Confusion crossed Harvey’s face for a brief moment. “No, Sara. I mean, as far as having physical contact with the patient. I gave Michael all his SR1 injections. I always drew his blood. I—”

“Eric took his blood too.”

Harvey stopped. “When?”

“I don’t know. A day or two before he was kidnapped.”

“Are you sure?”

“Of course. I was right there. Is that a problem?”

He shook his head. “It’s just weird,” he said slowly. “I left strict instructions for no one to do any lab work or give any medication to Michael except me.”

“Maybe he didn’t see them,” Sara said. “Or maybe he forgot.”

“Maybe,” Harvey agreed, but he did not sound convinced.

“Why don’t you ask him?”

“I will,” he said, “as soon as he gets back.” Harvey looked up and tried to smile reassuringly. He failed. “Don’t look at me like that, Sara. I’m sure it’s nothing.”

* * *

“Hey, Joe, you want live sex show? Pea shooting contest, huh? Sound good, Joe? Pea shooting contest?”

“Pea shooting contest?” Max repeated.

“Yeah, sure, Joe. You like pea shooting contest. She aim straw and bust balloon. Guess what she blows with. Huh, Joe?”

Max, no stranger to quirky sexual situations, was not sure he understood what the Thai teenager was talking about. He also wasn’t sure he wanted to know. Years ago, before he had met Lenny, Max and a couple of friends spent a week in Amsterdam’s red-light district. They had seen a show where a woman projected various objects across a room using a certain part of her anatomy. Admittedly, most people would consider Max’s sexual orientation bizarre, but he failed to see the show’s eroticism no matter which particular sexual persuasion you happened to follow. More like watching an amazing pet trick or a strange magic show.

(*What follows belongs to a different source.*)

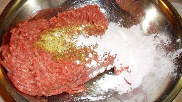 Mezclar la carne molida con harina de tapioca y condimentos, luego procesar en licuadora/batidora en una pasta fina. Mientras que procesa, agregue cubos de hielo y aceite vegetal (para que tu licuadora/procesador debe ser el que es capaz de triturar hielo - esto es para asegurarse de que su motor no será demasiado caliente y sería gran resultado para las albóndigas). Esto se puede hacer en etapas en vez de eso toda carne como uno (dependiendo del tamaño de su procesador de alimentos)

“What you say, Joe? You want nice woman. Make your head spin all the way around.”

An interesting image. “Which head?”

“Huh, Joe?”

“Never mind. No, thanks.”

He forced his way through the clusters of sex merchants, keeping his eye on the pink neon sign that read “Eager Beaver.” Two men stood at the door. The smaller man greeted Max with a wide smile and a firm handshake; the larger greeted him with a menacing glare. Mutt and Jeff.

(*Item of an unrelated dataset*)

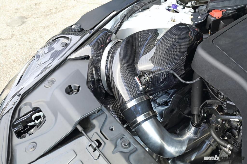 冒頭でも触れた通り、パワー系は吸排気に手を入れたくらいのライトな内容となるが、ECU-TEKで現車合わせセッティングすることで、最高出力350ps&最大トルク55kgmを実測で獲得。車体の軽さも手伝って、RZを追い回せるほどの速さを手に入れている。

“Welcome,” the little one shouted above the loud disco music. “Please come in. You find everything you want here. No cover charge.”

“Thanks.”

Max ducked past the sumo-sized doorman and entered the Eager Beaver. The interior decorator must have worked on the original Dating Game. Very sixties. Very go-go-bar-like. Mod Squad decor. Psychedelic, multicolored lights.

The music was strictly Saturday Night Fever. The singer screamed about a burning, burning disco inferno. Despite the fast beat, the topless women (a string bikini bottom made them topless rather than fully naked) danced slowly on the bar, the same steps over and over again. Max stared at their faces, but none looked back. Each wore a bored expression — dead, unseeing eyes that lit up only when money was jammed into their crotches.

Michael is in here somewhere…

“Swing it, baby!” a man yelled.

The girl smiled and obliged. She got 100 Thai baht (four dollars) for her trouble. She lowered herself toward the man, enticing him to add to her booty, but he waved her off.